Could you restate the entries below word for word and leave the images out?
• • • •
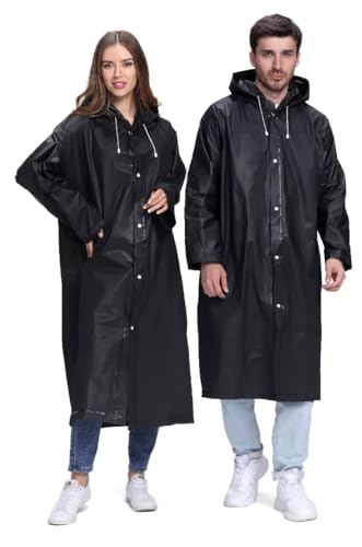 Kcmell Regnponcho för vuxna, 2-pack svarta bärbara vattentäta regnponchos för kvinnor och män, återanvändbar EVA-regnrock nödsituationer regnkläder med huva för vandring, resor, utomhusaktiviteter
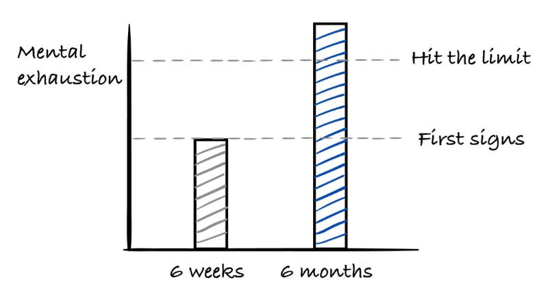 In my own experience with burnout, it was about 6 months before I recognised what was going on, but looking back, it was probably only 6 weeks for the signs to start showing.
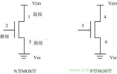 以N型管為例,2端為控制端,稱(chēng)為“柵極”;3端通常接地,稱(chēng)為“源極”;源極電壓記作Vss,1端接正電壓,稱(chēng)為“漏極”,漏極電壓記作VDD。要使1端與3端導(dǎo)通,柵極2上要加高電平。
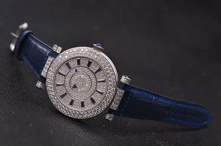 神秘时间白金镶钻满天星蓝宝石刻度自动机械皮带女表
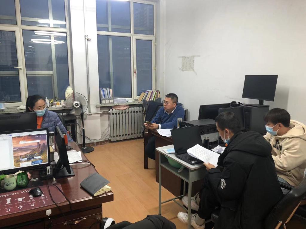 ▲建筑工程学院郭洪江老师在办公室指导“钢轨卫士——纳米绝缘有机聚合物胶粘剂”项目现场
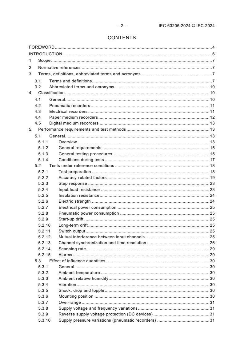 IEC 63206:2024 specifies the characterization, the classification (e.g.: analogue chart recorder, digital recorder, X-Y recorder, paperless recorder, event recorder, data logger, and data acquisition device, etc.) and performance evaluation methods of recorders. It covers type tests as well as routine tests.
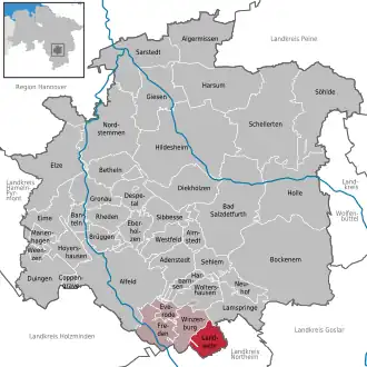 Die Orte der Landwehr sind der südlichste Punkt des Landkreises Hildesheim, nördlich von Bad Gandersheim zwischen den Bergen Sackwald und Helleberg.
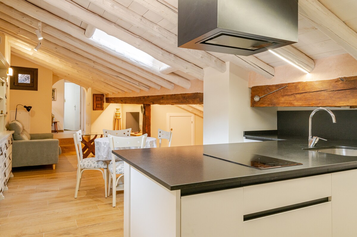Nossa cobertura ou Catedral, é a joia da coroa. Duplex de 117 m2 e tetos com vigas expostas. Com uma grande sala de estar, sala de jantar e cozinha totalmente equipada. No primeiro andar, quarto no sótão com vista para a Hoz e um banheiro completo. Tem uma cama de casal e uma cama extra de 90 cm. No andar superior, encontramos dois quartos com cama de casal e vistas incríveis. Há um grande banheiro completo com janela.
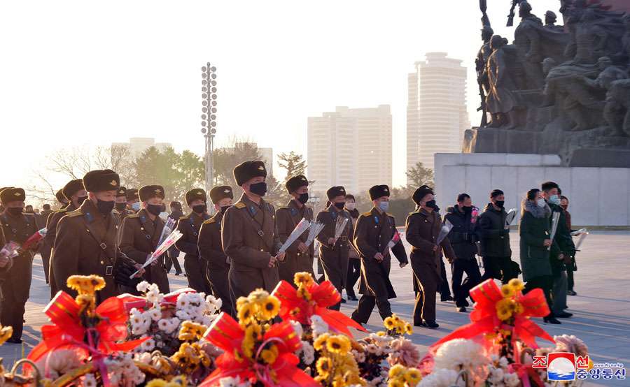 Před bronzové sochy a portréty velkého vůdce a velkého generála v různých částech hlavního města včetně Kim Ir Senovy univerzity, Ministerstva veřejné bezpečnosti a Uměleckého studia Mansude byly položeny květinové koše jménem jednotek Korejské lidové armády a Sil veřejné bezpečnosti, institucí a podniků.
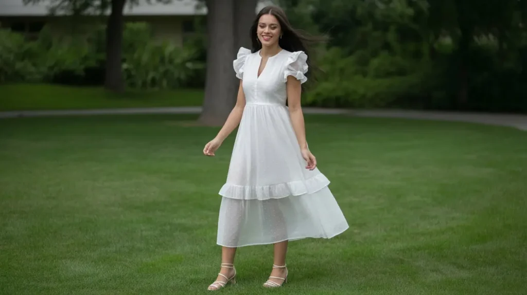 A white dress with tiered ruffles on the skirt or sleeves introduces playful volume and movement. Pair with strappy heels and subtle jewelry for a graduation-ready appearance. Perfect for lively celebrations and memorable photos.
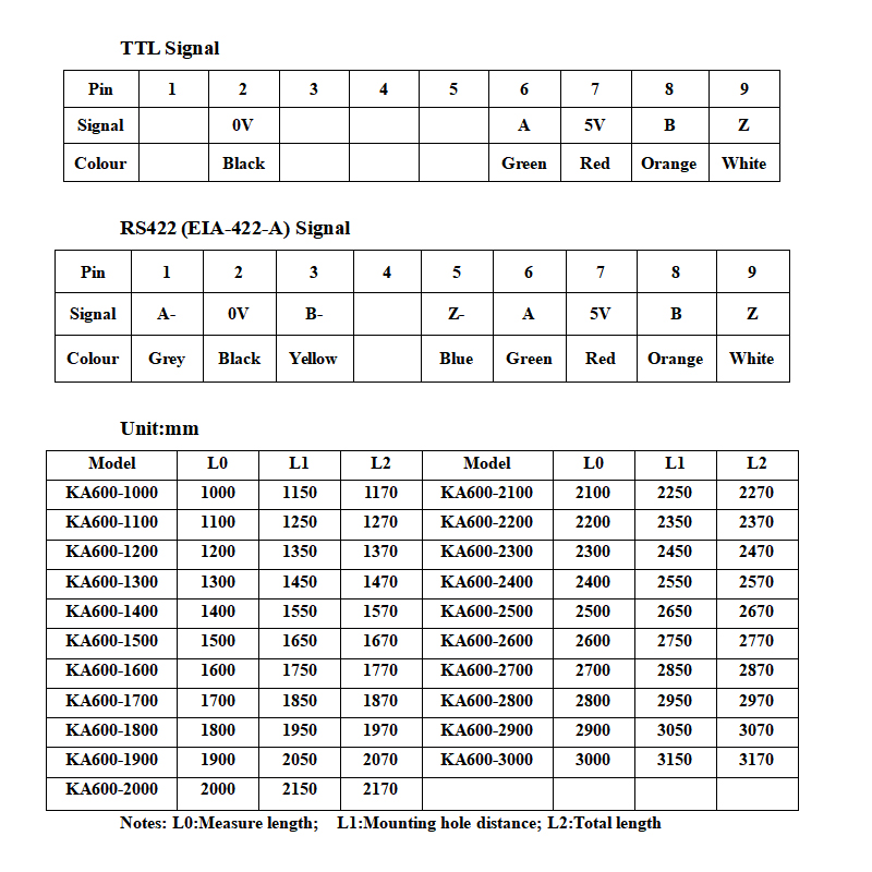 SINODRO KA600 Linear encoder technical parameters:
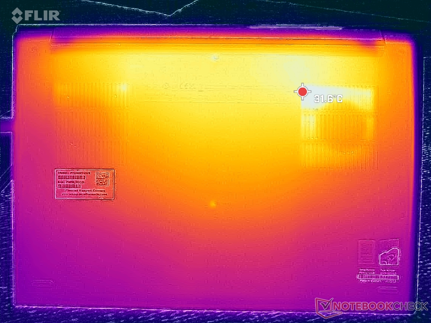 (+) The palmrests and touchpad are cooler than skin temperature with a maximum of 23.2 °C / 73.8 F and are therefore cool to the touch.
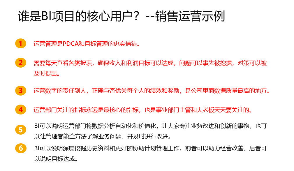 同时培养企业数字化应用氛围,找到BI应用场景,比如用BI平台进行会议沟通,取代EXCEL+PPT汇报;透过仪表盘分析找到业务改进的策略等。
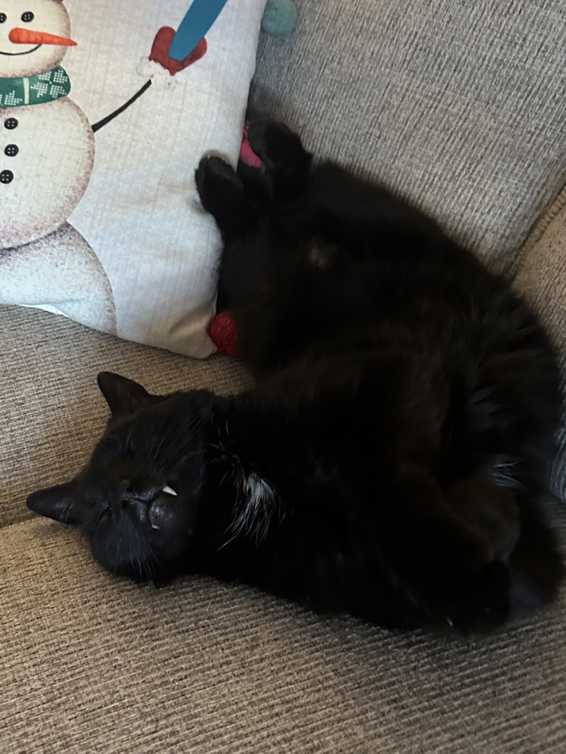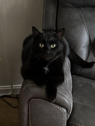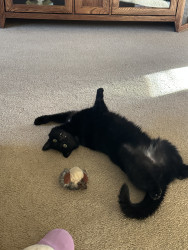 Typical scaredy-cat. Doesn’t like to be held, but curls up next to me all the time. Purr's loudly and paws me gently when he wants atten
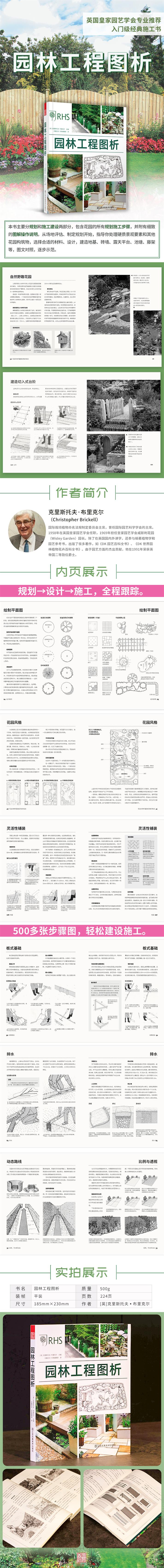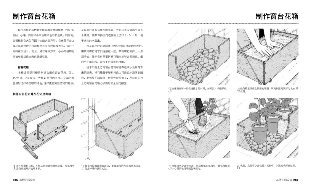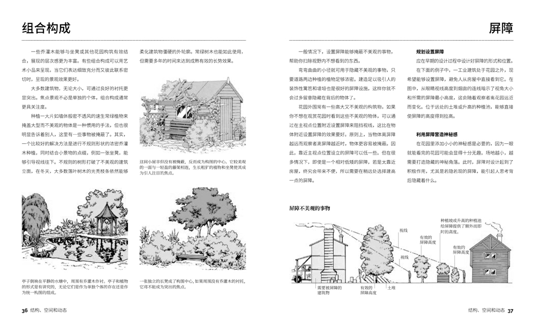書中內(nèi)容主要分為兩大部分——規(guī)劃與施工建設。第一部分是由打造花園首先需進行的工作入手,對場地進行調(diào)查和全方位評估,制定花園規(guī)劃;第二部分是關于如何處理硬質景觀要素和其他花園構筑物,指導我們選擇合適的材料和設計,例如園路鋪面的鋪設方法,如何建造地基、磚墻、露天平臺、池塘和藤架等。
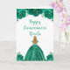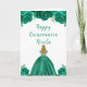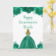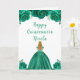 This Quinceanera birthday card features faux glitter green floral flowers and a beautiful princess with blonde hair and an elegant dress. This is perfect for a Quinceanera birthday party.
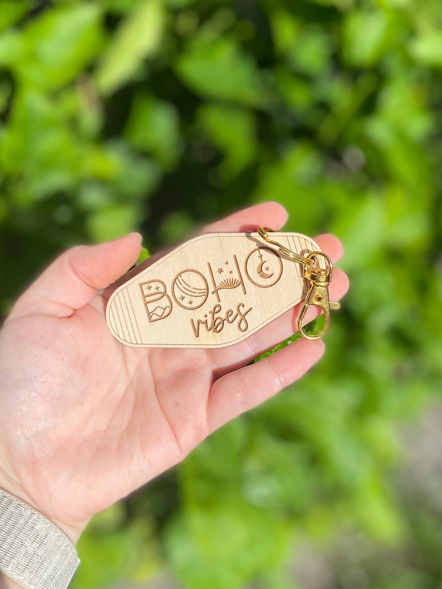 How cute is this Boho vibes keychains? It's great for a keychain or to attach to your bags, diaper bags and more! The image is engraved into wood so no worries of the image coming off.
• • • •
• Solution to this problem:
 Kcmell Regnponcho för vuxna, 2-pack svarta bärbara vattentäta regnponchos för kvinnor och män, återanvändbar EVA-regnrock nödsituationer regnkläder med huva för vandring, resor, utomhusaktiviteter
 In my own experience with burnout, it was about 6 months before I recognised what was going on, but looking back, it was probably only 6 weeks for the signs to start showing.
 以N型管為例,2端為控制端,稱(chēng)為“柵極”;3端通常接地,稱(chēng)為“源極”;源極電壓記作Vss,1端接正電壓,稱(chēng)為“漏極”,漏極電壓記作VDD。要使1端與3端導(dǎo)通,柵極2上要加高電平。
 神秘时间白金镶钻满天星蓝宝石刻度自动机械皮带女表
 ▲建筑工程学院郭洪江老师在办公室指导“钢轨卫士——纳米绝缘有机聚合物胶粘剂”项目现场
 IEC 63206:2024 specifies the characterization, the classification (e.g.: analogue chart recorder, digital recorder, X-Y recorder, paperless recorder, event recorder, data logger, and data acquisition device, etc.) and performance evaluation methods of recorders. It covers type tests as well as routine tests.
 Die Orte der Landwehr sind der südlichste Punkt des Landkreises Hildesheim, nördlich von Bad Gandersheim zwischen den Bergen Sackwald und Helleberg.
Nossa cobertura ou Catedral, é a joia da coroa. Duplex de 117 m2 e tetos com vigas expostas. Com uma grande sala de estar, sala de jantar e cozinha totalmente equipada. No primeiro andar, quarto no sótão com vista para a Hoz e um banheiro completo. Tem uma cama de casal e uma cama extra de 90 cm. No andar superior, encontramos dois quartos com cama de casal e vistas incríveis. Há um grande banheiro completo com janela.
 Před bronzové sochy a portréty velkého vůdce a velkého generála v různých částech hlavního města včetně Kim Ir Senovy univerzity, Ministerstva veřejné bezpečnosti a Uměleckého studia Mansude byly položeny květinové koše jménem jednotek Korejské lidové armády a Sil veřejné bezpečnosti, institucí a podniků.
 A white dress with tiered ruffles on the skirt or sleeves introduces playful volume and movement. Pair with strappy heels and subtle jewelry for a graduation-ready appearance. Perfect for lively celebrations and memorable photos.
 SINODRO KA600 Linear encoder technical parameters:
 (+) The palmrests and touchpad are cooler than skin temperature with a maximum of 23.2 °C / 73.8 F and are therefore cool to the touch.
 同时培养企业数字化应用氛围,找到BI应用场景,比如用BI平台进行会议沟通,取代EXCEL+PPT汇报;透过仪表盘分析找到业务改进的策略等。
 Typical scaredy-cat. Doesn’t like to be held, but curls up next to me all the time. Purr's loudly and paws me gently when he wants atten
書中內(nèi)容主要分為兩大部分——規(guī)劃與施工建設。第一部分是由打造花園首先需進行的工作入手,對場地進行調(diào)查和全方位評估,制定花園規(guī)劃;第二部分是關于如何處理硬質景觀要素和其他花園構筑物,指導我們選擇合適的材料和設計,例如園路鋪面的鋪設方法,如何建造地基、磚墻、露天平臺、池塘和藤架等。
 This Quinceanera birthday card features faux glitter green floral flowers and a beautiful princess with blonde hair and an elegant dress. This is perfect for a Quinceanera birthday party.
 How cute is this Boho vibes keychains? It's great for a keychain or to attach to your bags, diaper bags and more! The image is engraved into wood so no worries of the image coming off.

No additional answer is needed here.